=== What you need to do ===
The range runs from the line containing "該車型采用重汽豪沃后雙橋33" through the last line of the material below; retype it exactly, leaving out the pictures.

=== Given material ===
==============================
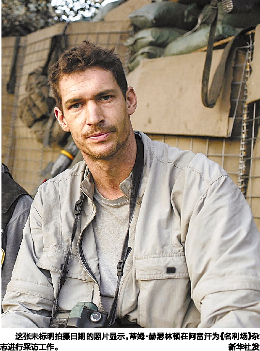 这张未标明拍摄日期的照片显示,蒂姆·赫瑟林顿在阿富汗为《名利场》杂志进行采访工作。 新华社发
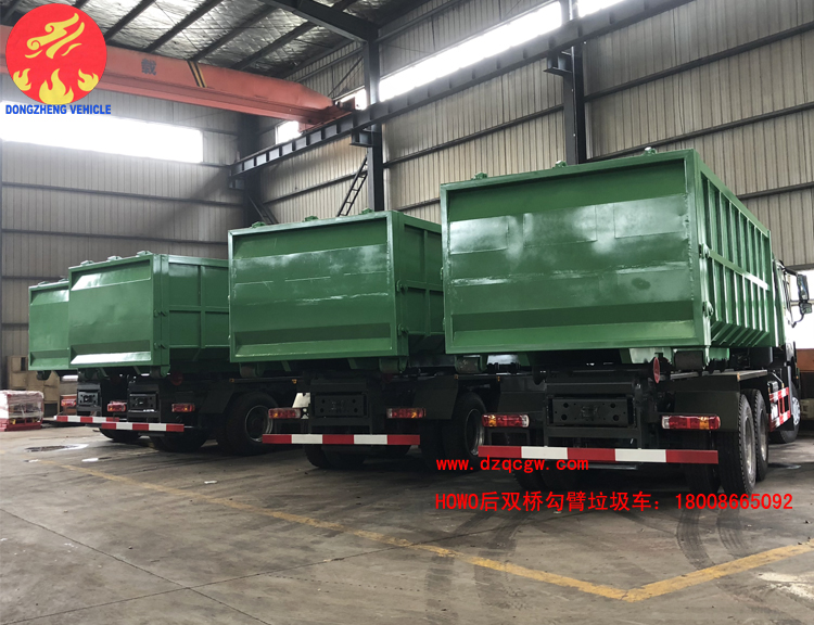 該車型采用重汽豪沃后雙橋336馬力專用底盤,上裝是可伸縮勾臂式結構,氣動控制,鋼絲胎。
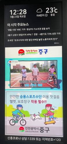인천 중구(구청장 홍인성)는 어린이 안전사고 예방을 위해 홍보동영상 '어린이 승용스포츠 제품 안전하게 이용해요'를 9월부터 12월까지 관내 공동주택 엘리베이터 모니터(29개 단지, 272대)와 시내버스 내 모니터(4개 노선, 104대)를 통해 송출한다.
==============================
=== Response ===
 該車型采用重汽豪沃后雙橋336馬力專用底盤,上裝是可伸縮勾臂式結構,氣動控制,鋼絲胎。
인천 중구(구청장 홍인성)는 어린이 안전사고 예방을 위해 홍보동영상 '어린이 승용스포츠 제품 안전하게 이용해요'를 9월부터 12월까지 관내 공동주택 엘리베이터 모니터(29개 단지, 272대)와 시내버스 내 모니터(4개 노선, 104대)를 통해 송출한다.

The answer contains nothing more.